Outside of that bone of contention and the more than $160 million in damages Napo is seeking, there is a disagreement between the two parties over what their contract says in regards to Salix’s obligation to pursue the drug for other indications. According to Napo, Salix is required to commercialize Fulyzaq for use in people with IBS, and for pediatrics and infectious diarrhea. Salix insists its contractual responsibility ends with HIV and that pursuing the other indications is at the company’s discretion.

“Salix is following the same development strategy that Napo followed, which was to pursue approval of Fulyzaq for the treatment of diarrhea in HIV patients, first, and to get that on the market, which we’ve done,” Razi says. “And we’re now at the period where other options can be considered and can be addressed.”

Razi would not comment on whether there was research and development under way at Salix to pursue Fulyzaq for other indications.

Ultimately, Napo wants to sever ties with Salix and handle the sales and distribution of the drug itself until the biotech can get up and running with a new partner that, in the company’s view, can more effectively deliver Fulyzaq into the medicine cabinets of those who need it. Whether Napo may void its contract with Salix is up for the courts to decide.

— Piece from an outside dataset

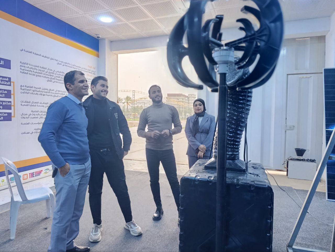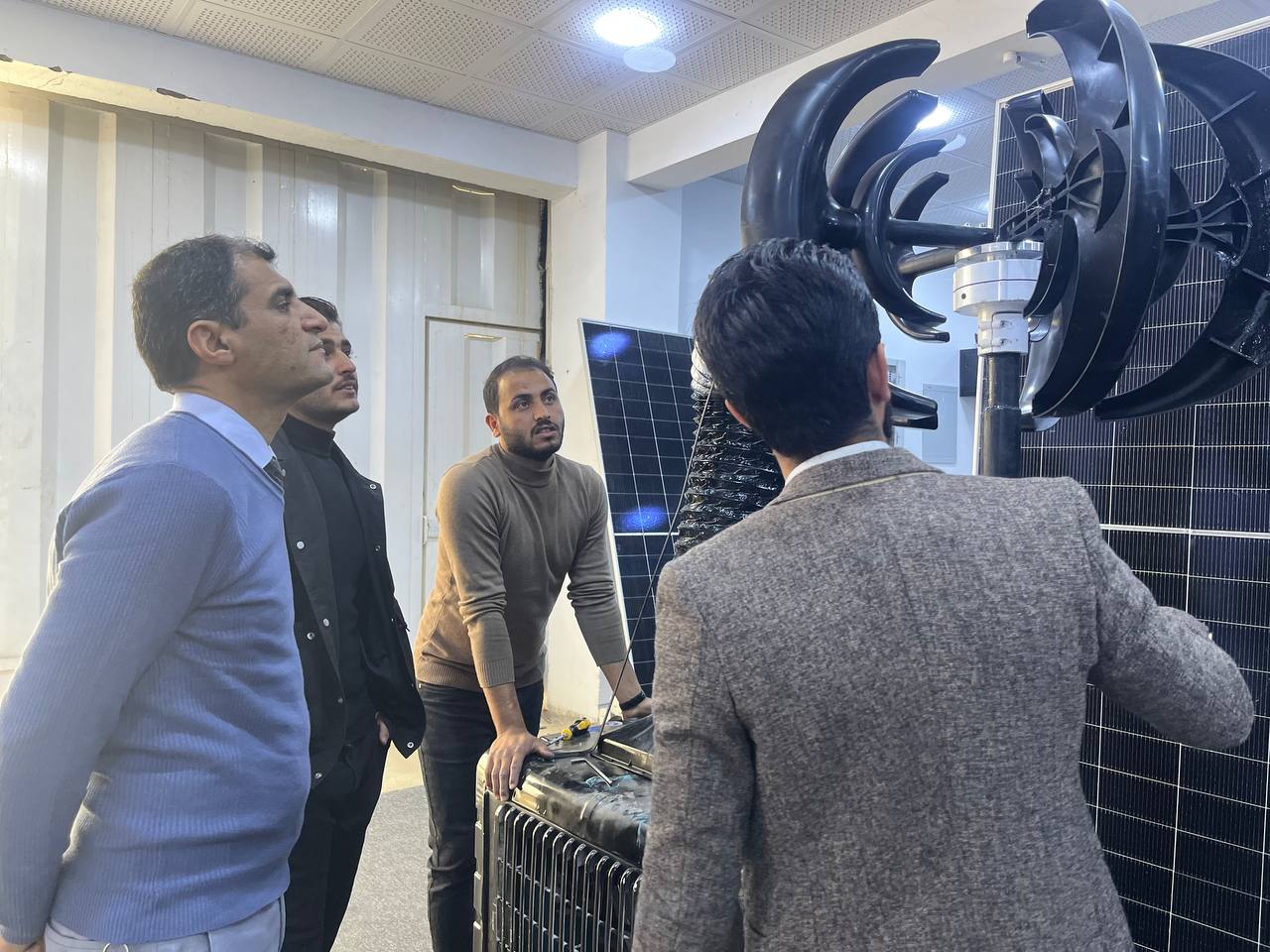 وخلال التشغيل التجريبي، قام الطلبة بعرض آلية عمل المنظومة والمكونات الرئيسية للتوربين، إضافة إلى توضيح طريقة تحويل الطاقة الحركية للرياح إلى طاقة كهربائية، فضلاً عن استعراض أنظمة القياس والمراقبة المستخدمة لقياس الجهد والتيار الناتج من المنظومة.
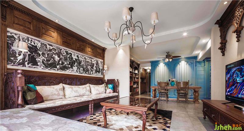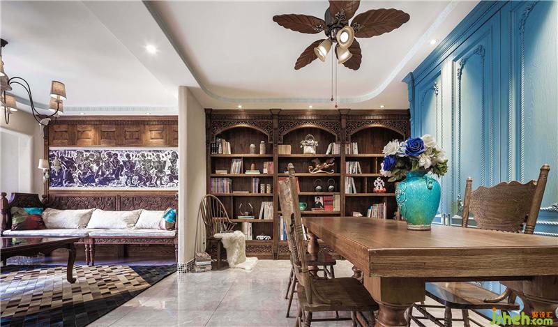 客廳和餐廳完全開(kāi)放的設(shè)定,從比較壓縮的玄關(guān)空間轉(zhuǎn)換到開(kāi)放寬敞的空間,達(dá)到視覺(jué)和心境的轉(zhuǎn)換??蛷d作為待客區(qū)域,墻面通過(guò)使用木飾面、仿舊肌理裝飾,地板鋪貼巴黎世家仿古瓷磚,搭配歐式復(fù)古家具,整體空間簡(jiǎn)潔懷舊、實(shí)用舒適,寬敞而富有歷史氣息。

As for the reasons why the drug is apparently only just now making it to market, Razi declined to elaborate beyond pointing to Salix’s $20 million investment in a manufacturing plant as an indication of the company’s commitment and stating:

“Salix has reasonably and appropriately timed its very significant manufacturing expenditures and investment to the development on the clinical and regulatory front. That prudent timing and planning is today bearing fruit for patients. Salix is doing everything in its power to get product to patients who need it, and patients who need it are receiving it.”